Malam pun tiba, gue ngumpul bersama anak-anak kelas gue kecuali Arraufar yang tangannya sakit di lapangan untuk menyaksikan band-band ternama yang diundang sementara gue gak sabar penampilan dari band yang personilnya terdiri dari para guru, terutama posisi Drummer yang diisi oleh Walikelas gue si Tulus Abadi, band ini membawakan lagu lawas jaman mereka tentunya, gue menikmati tabuhan drum si Tulus ini, sementara vokalisnya adalah guru olahraga gue si Nanang Naismith.

Gue melihat Alex sedang murung saja dan gue pun berniat bertanya, "Eh Alex, lu kenapa kok diem mulu ?"

Alex menatap gue sejenak lalu menjawab, "Gue masih galau soalnya gak beli gantungan kunci bentuk titit."

Kampret.

***

Malam minggu tiba gue menjemput Shania ke rumahnya dan lagi-lagi memakai mobil Abang gue karena gue sendiri gak punya mobil. Shania keluar mengenakan dress warna merah, jujur saja, dia terlihat cantik malam ini.

Shania masuk ke mobil lalu melihat gue sedang memandanginya, "Eh, lu kenapa ?"

"Oh engga engga." Kata gue sambil menginjak gas dan langsung menuju pantai.
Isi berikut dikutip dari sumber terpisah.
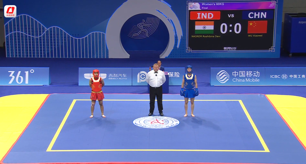 本届亚运会武术比赛,中国队一共派出11名选手参加11个小项的争夺。其中,武术套路比赛有8个小项,中国队除了在女子长拳和男子南拳南棍两个项目中未派选手参赛外,其余6个项目全部夺金。武术散打比赛中,中国队5名参赛选手李玥瑶、吴晓微、江海东、王雪涛、何烽相继登场,共收获5枚金牌,包揽了参赛项目的金牌。
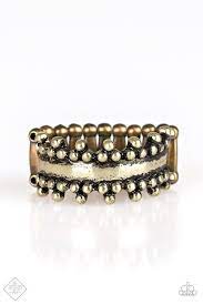 Trios of shimmery brass studs dot the top and bottom of an antiqued brass band for an edgy industrial look. Features a dainty stretchy band for a flexible fit.
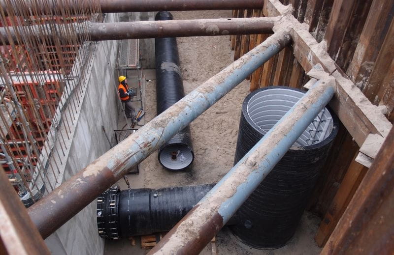 The two raw water intakes, which were constructed using PE100 DN 1000 SDR 17 pressure pipes, will provide the 500 MW power-unit pump station with cooling water from the River Vistula. A pressure pipeline connecting the raw water pumping station with the water treatment plant was constructed using PE100 DN800 SDR22 pipes laid in a trench. For the pipeline, PE100 DN800 SDR 17 pipes were installed – using the horizontal drilling method (HDD) – under the bed of the discharge canal. A gravity pipeline feeding mechanically pre-treated water from the cold-water intake to the raw water pumping station was constructed using the Weholite DN1000 SN8 pipe, with Weho DN1800 manholes added for maintenance purposes.
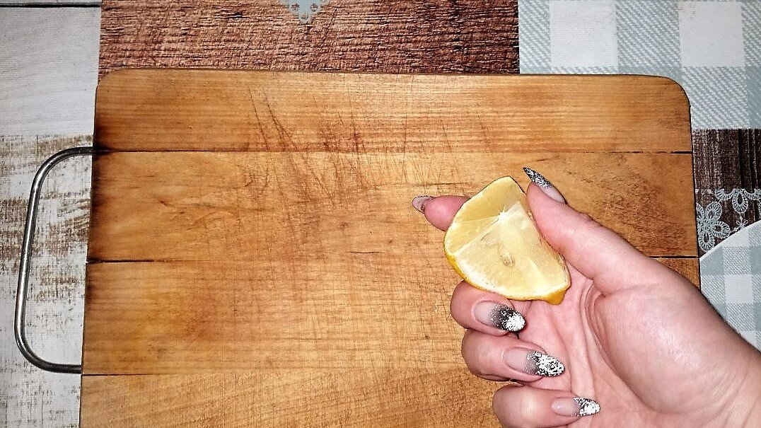 - Соль и лимон: Посыпьте доску солью и выжмите на неё сок лимона. Используйте половинку лимона, чтобы еще раз протереть поверхность доски. Соль и лимон помогут устранить запахи и дезинфицировать доску.
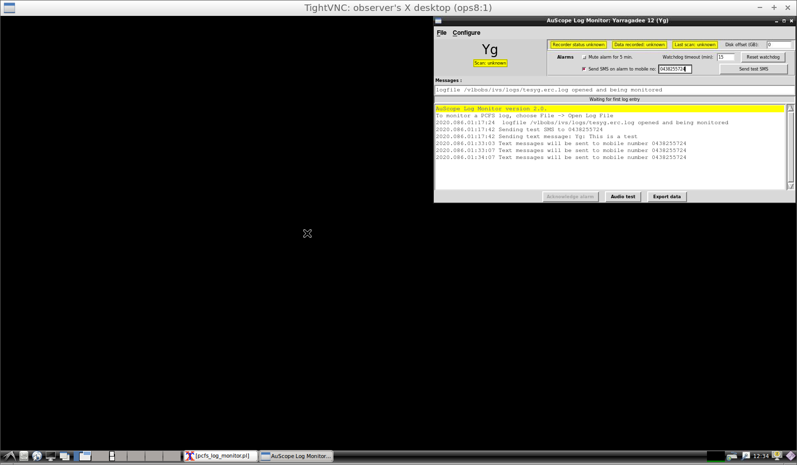 With the likely shutdown of the Physics building, it's now necessary to plan for off-site monitoring of experiments. At present, the plan is to do this through a VNC session running on ops8 (the main observing machine in the AuScope room). This allows for all the usual software to be used, with alarms being delivered by the SMS gateway. Ideally, it should be possible to support local forwarding of alarms (at least as beeps through the VNC program) but this hasn't been done as yet.
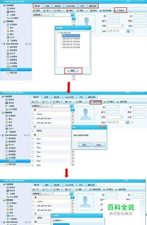 对通讯录,短信等进行恢复可以从iTools信息管理中,打开备份信息,找到最近备份的资料信息并恢复到设备即可找回资料。
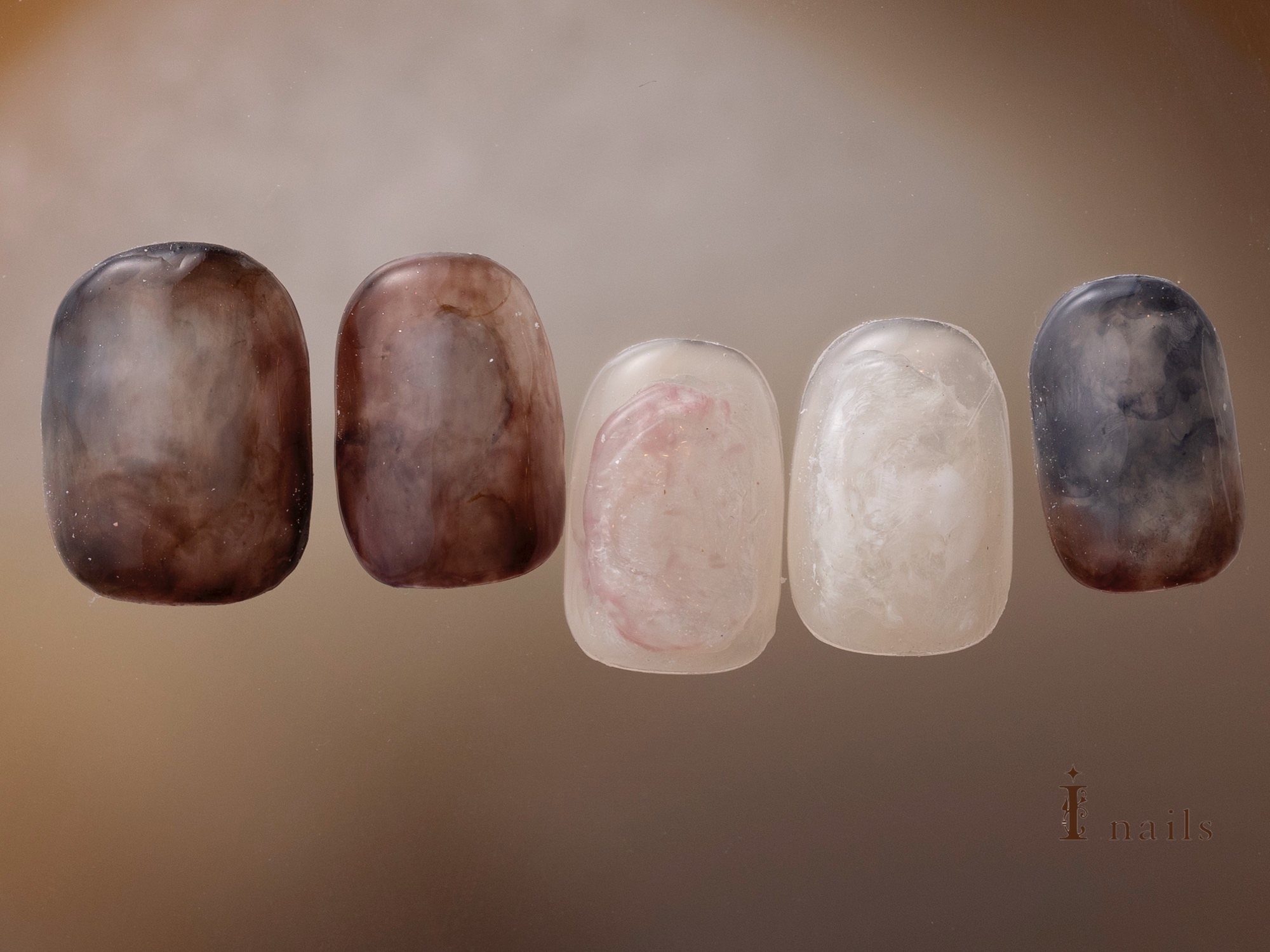 ブラウンニュアンス【担当】酒主 COLOR ホワイト ブルー ピンク ブラウン くすみ系 ARTTYPE タイダイ ニュアンス TASTE 上品 おしゃれ SCENE オールシーズン デイリー PRICE ¥9001~¥11000 ブラウンの奥行きもやもや¥9480

Entah kenapa saat diperjalanan, Shania lebih banyak bercerita tentang keluarganya, temannya, sampai pacarnya sementara gue hanya menjawab 'Iya' 'Oh gitu' dan 'Terus' diulang-ulang karena disaat itu gue tidak ada hal yang perlu dibicarakan.

Sampai di restoran, gue langsung duduk di tempat yang gue pesan, tentunya gue bakal memilih makanan yang paling mahal karena sayang udah jauh-jauh datang, Shania hanya bertanya kepada pelayannya makanan apa yang paling enak dan dia langsung memilihnya. Masalah harga jangan dipedulikan dan menurut gue Shania salah mengajak gue makan disini karena restoran ini sendiri adalah milik Ayahnya si Arraufar, jadi gue dapat diskon.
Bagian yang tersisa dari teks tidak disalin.